---------- Information shown ----------

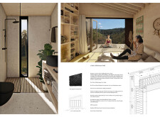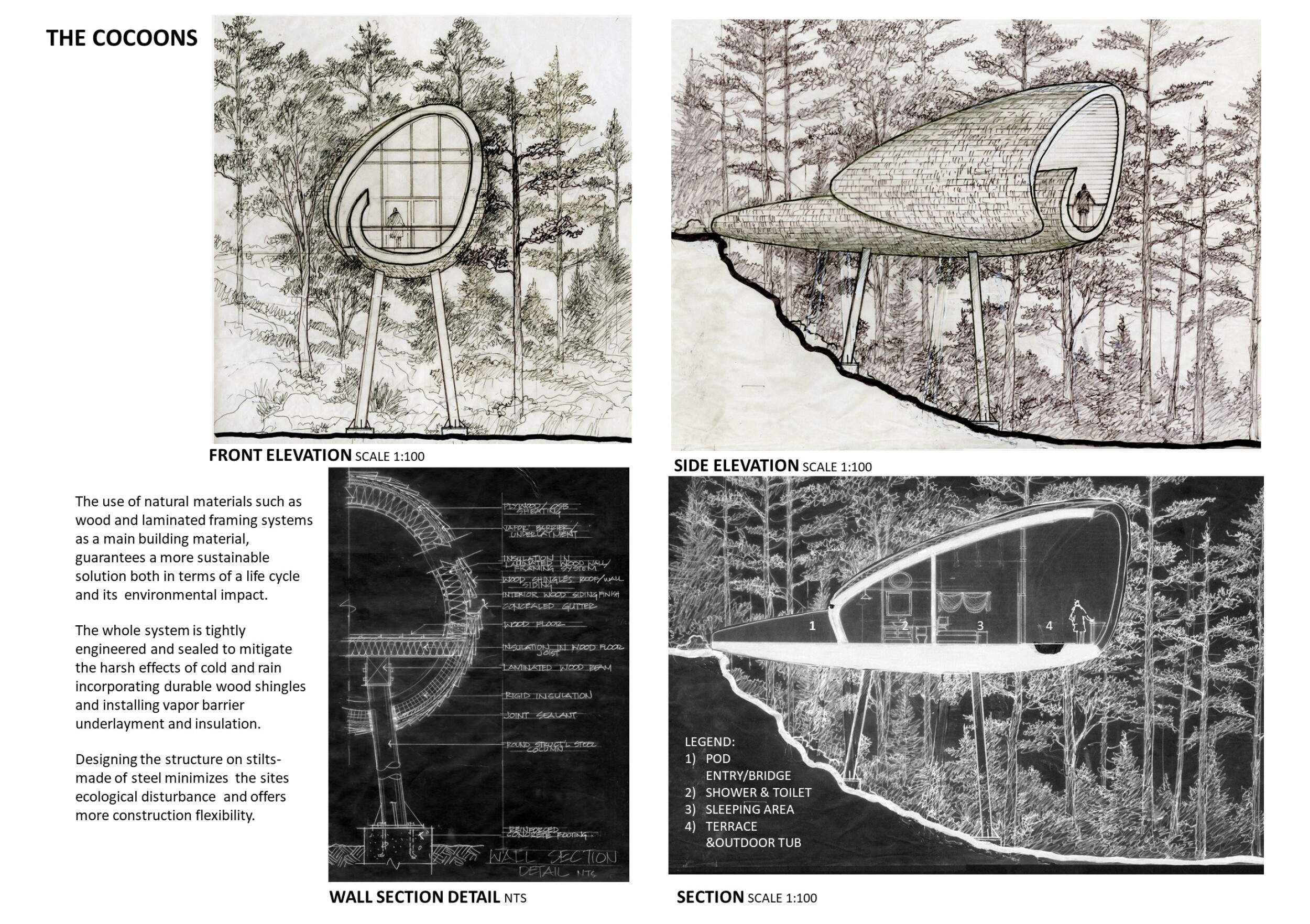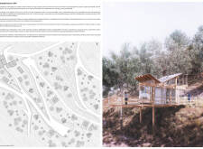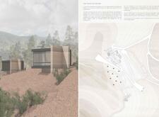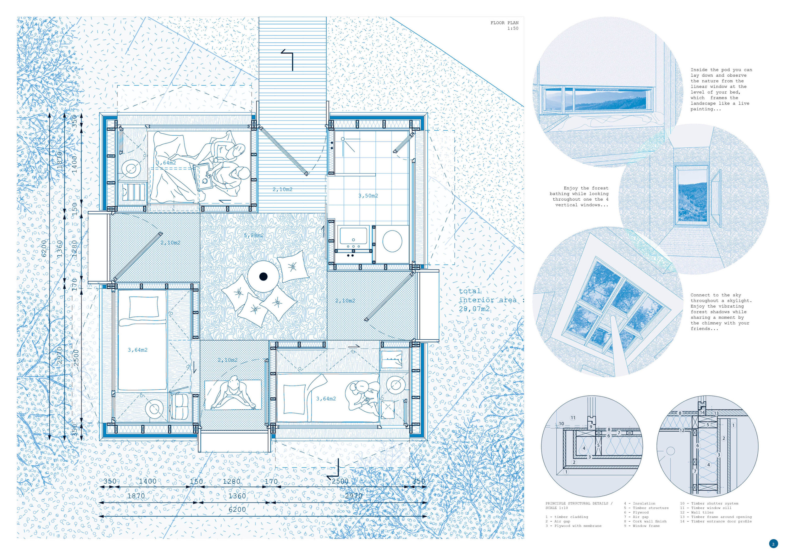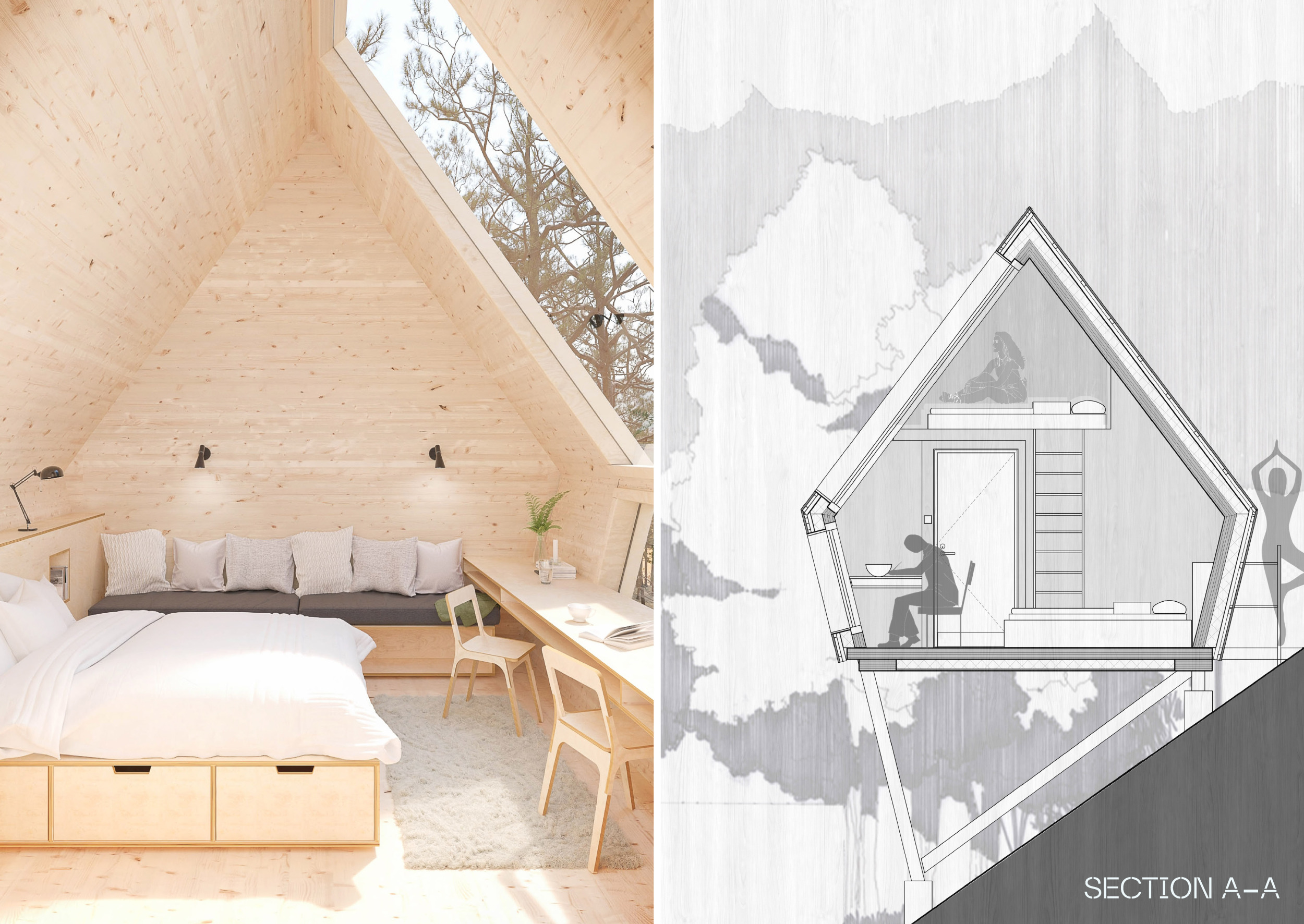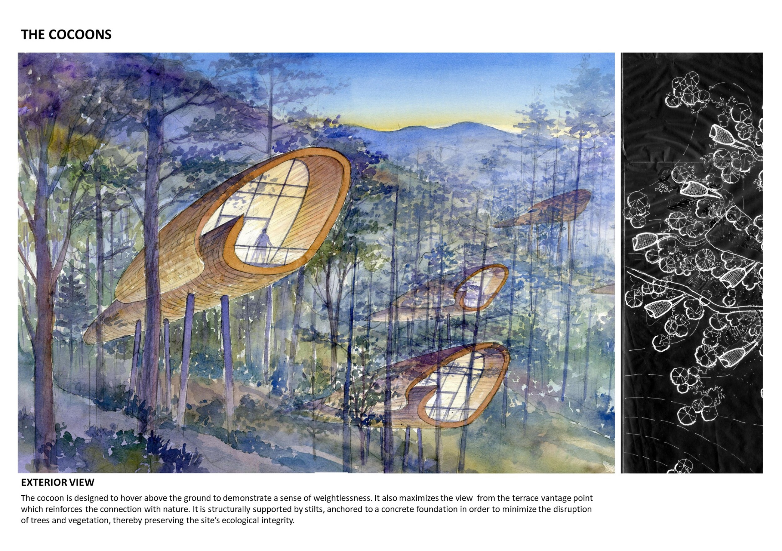 The current infrastructure of the retreat consists of four once-abandoned stone farmhouse cottages that are now repurposed. For the Sleeping Pods on a Cliff competition, participants were tasked with proposing design solutions for simple sleeping pods that could accommodate a couple of guests at a time. Each sleeping pod was to include a basic sleeping zone as well as washing facilities.
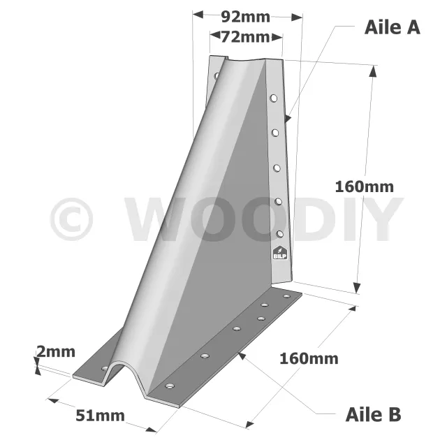 | Références | Dimensions [mm] | Perçages Aile A | Perçages Aile B | |||||
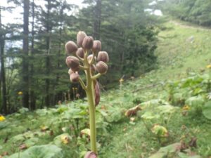 ◆夏の花 マルハダケブキのつぼみ ◆群生する マルハダケブキ
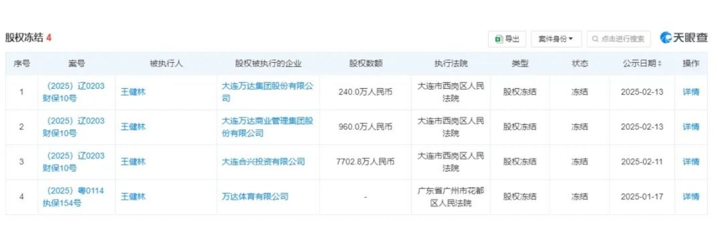 天眼查统计显示,2025年开年以来,王健林已经4次出现持股被冻结,合计被冻结近亿。

----------

◆ **Work to complete**
Word for word and without pictures, restate only the lines running from the one that contains "マルハダケブキのつぼみ ◆群生する マルハダケブキ" through the last line of the listing above.

◆ **Your response**
 ◆夏の花 マルハダケブキのつぼみ ◆群生する マルハダケブキ
 天眼查统计显示,2025年开年以来,王健林已经4次出现持股被冻结,合计被冻结近亿。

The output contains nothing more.